Start of Data supplied

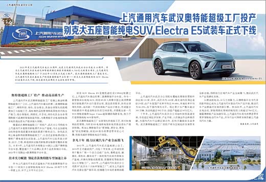 2022年是上汽通用汽车成立25周年,也是上汽通用汽车武汉分公司成立10周年。作为上汽通用汽车在电动化和智能网联化新技术领域投入700亿元的重点项目,上汽通用汽车武汉奥特能超级工厂于2022年12月底正式竣工投产。武汉奥特能超级工厂落成当天,上汽通用汽车武汉基地生产的首款奥特能平台车型——别克大五座智能纯电SUV Electra E5试装车正式下线,标志着别克品牌发力主流电动车市场。
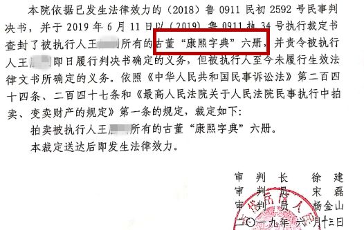 记者从岱岳区人民法院获悉,因民间借贷纠纷,被执行人未履行判决书确定的义务,于是收藏的 6 本康熙字典被岱岳区人民法院拿来进行公开变卖。 来源:红星新闻 |
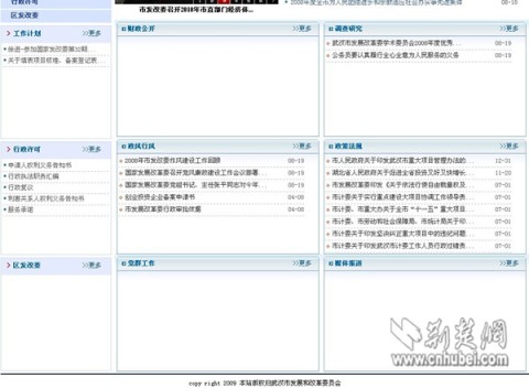 記者隨即登錄武漢市發(fā)改委政務(wù)公開網(wǎng)站。在該網(wǎng)站首頁記者發(fā)現(xiàn),除“來信選登”一欄開天窗以外,其它欄目的信息更新還比較及時?僧(dāng)記者點擊進(jìn)入子欄目時,就不是那么回事了。“常見問題匯總”、“表格下載”、“項目稽查”、“財政公開”等十幾個子欄目,均無任何內(nèi)容,只有大片空白。此外,在市民具體辦事的“業(yè)務(wù)專欄”欄目下,24個子欄目內(nèi)容驚人地一致,幾乎全是空白框架。
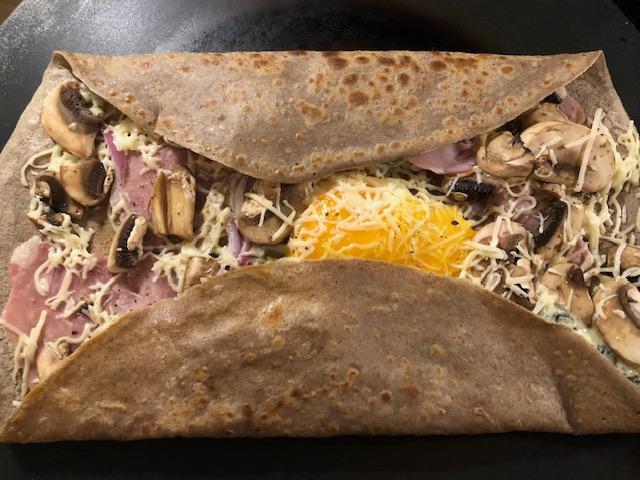 Ingrédients : galette de blé noir, jambon blanc, œuf, gruyère, champignons
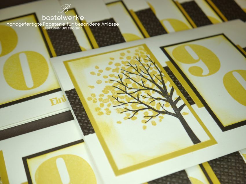 Einladungskarte zum 90. Geburtstag. Als ich dem Geburtstagskind meine Entwürfe vorstellte war die Entscheidung schnell auf den "Lebensbaum" gefallen. Die Karte eignet sich mit einem anderem Spruch auch als entsprechende Glückwunschkarte.
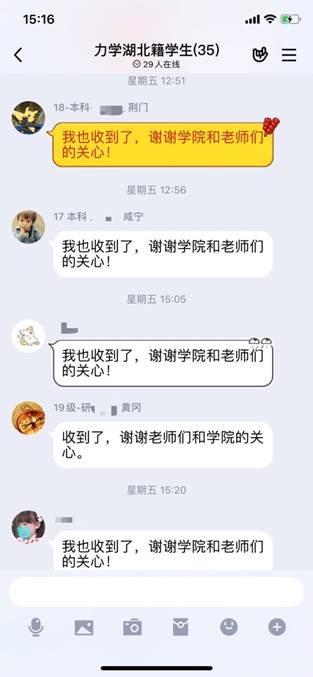 自疫情爆发以后,学院始终关心、关注着每一名湖北籍学子的情况,学院党政班子专题研究关心关爱湖北籍学生的工作,学院副书记第一时间电话联系每一位湖北籍同学,关心了解同学们及家人生活情况;各年级辅导员也利用电话、微信和QQ与他们保持密切联系和良好沟通,并组建了湖北籍学生QQ群,确保了解在鄂学子的健康状况、心理状态,让学生知道学院是他们的坚强后盾。
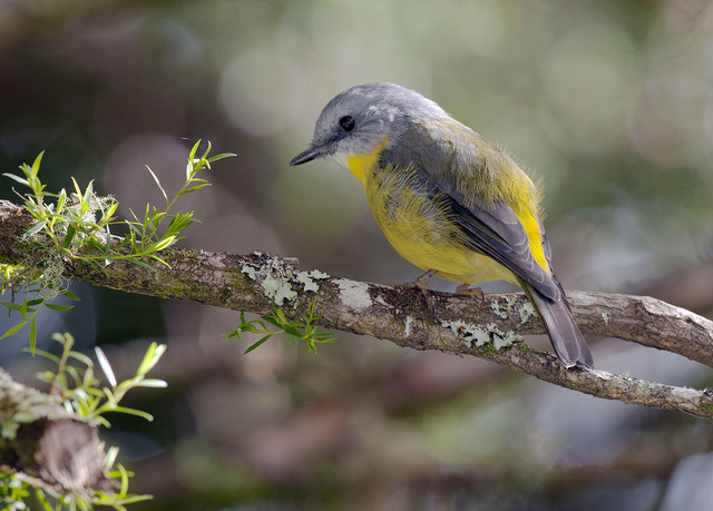 Plump with yellow breast feathers offset by soft, grey-blue feathers on head and wings, the yellow robin is mainly found in treed areas as well as parks and gardens. It perches in branches and does a fast drop to the ground to capture insects. Its genus name translates from the Latin to ‘dawn harper’ as it is often the first bird to be heard at the beginning of the day. According to the Australian Museum, breeding pairs may lay up to three clutches of eggs, but parenting duties from home building to feeding is solely the purview of the female.
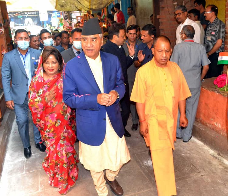 Uttar Pradesh News: नेपाल के पीएम शेर बहादुर देउबा और उनकी पत्नी आरजू राणा आज वाराणसी पहुंचे. वाराणसी एयरपोर्ट पर नेपाल के पीएम शेर बहादुर देउबा और उनकी पत्नी का स्वागत यूपी के सीएम योगी आदित्यनाथ ने स्वागत किया. नेपाल के प्रधानमंत्री के साथ 40 सदस्यो का दल भी बनारस पहुंचा है. लाल बहादुर शास्त्री एयरपोर्ट से नेपाली पीएम शेर बहादुर देउबा और उनकी पत्नी आरजू राणा सड़क मार्ग से सीधे काशी के कोतवाल बाबा काल भैरव मंदिर पहुंचे और बाबा के दरबार में विधिवत पूजन किया.

End of Data supplied

**Work request**
Once the pictures are removed, set down what remains of the entries above exactly.

**Your solution**
 2022年是上汽通用汽车成立25周年,也是上汽通用汽车武汉分公司成立10周年。作为上汽通用汽车在电动化和智能网联化新技术领域投入700亿元的重点项目,上汽通用汽车武汉奥特能超级工厂于2022年12月底正式竣工投产。武汉奥特能超级工厂落成当天,上汽通用汽车武汉基地生产的首款奥特能平台车型——别克大五座智能纯电SUV Electra E5试装车正式下线,标志着别克品牌发力主流电动车市场。
 记者从岱岳区人民法院获悉,因民间借贷纠纷,被执行人未履行判决书确定的义务,于是收藏的 6 本康熙字典被岱岳区人民法院拿来进行公开变卖。 来源:红星新闻 |
 記者隨即登錄武漢市發(fā)改委政務(wù)公開網(wǎng)站。在該網(wǎng)站首頁記者發(fā)現(xiàn),除“來信選登”一欄開天窗以外,其它欄目的信息更新還比較及時?僧(dāng)記者點擊進(jìn)入子欄目時,就不是那么回事了。“常見問題匯總”、“表格下載”、“項目稽查”、“財政公開”等十幾個子欄目,均無任何內(nèi)容,只有大片空白。此外,在市民具體辦事的“業(yè)務(wù)專欄”欄目下,24個子欄目內(nèi)容驚人地一致,幾乎全是空白框架。
 Ingrédients : galette de blé noir, jambon blanc, œuf, gruyère, champignons
 Einladungskarte zum 90. Geburtstag. Als ich dem Geburtstagskind meine Entwürfe vorstellte war die Entscheidung schnell auf den "Lebensbaum" gefallen. Die Karte eignet sich mit einem anderem Spruch auch als entsprechende Glückwunschkarte.
 自疫情爆发以后,学院始终关心、关注着每一名湖北籍学子的情况,学院党政班子专题研究关心关爱湖北籍学生的工作,学院副书记第一时间电话联系每一位湖北籍同学,关心了解同学们及家人生活情况;各年级辅导员也利用电话、微信和QQ与他们保持密切联系和良好沟通,并组建了湖北籍学生QQ群,确保了解在鄂学子的健康状况、心理状态,让学生知道学院是他们的坚强后盾。
 Plump with yellow breast feathers offset by soft, grey-blue feathers on head and wings, the yellow robin is mainly found in treed areas as well as parks and gardens. It perches in branches and does a fast drop to the ground to capture insects. Its genus name translates from the Latin to ‘dawn harper’ as it is often the first bird to be heard at the beginning of the day. According to the Australian Museum, breeding pairs may lay up to three clutches of eggs, but parenting duties from home building to feeding is solely the purview of the female.
 Uttar Pradesh News: नेपाल के पीएम शेर बहादुर देउबा और उनकी पत्नी आरजू राणा आज वाराणसी पहुंचे. वाराणसी एयरपोर्ट पर नेपाल के पीएम शेर बहादुर देउबा और उनकी पत्नी का स्वागत यूपी के सीएम योगी आदित्यनाथ ने स्वागत किया. नेपाल के प्रधानमंत्री के साथ 40 सदस्यो का दल भी बनारस पहुंचा है. लाल बहादुर शास्त्री एयरपोर्ट से नेपाली पीएम शेर बहादुर देउबा और उनकी पत्नी आरजू राणा सड़क मार्ग से सीधे काशी के कोतवाल बाबा काल भैरव मंदिर पहुंचे और बाबा के दरबार में विधिवत पूजन किया.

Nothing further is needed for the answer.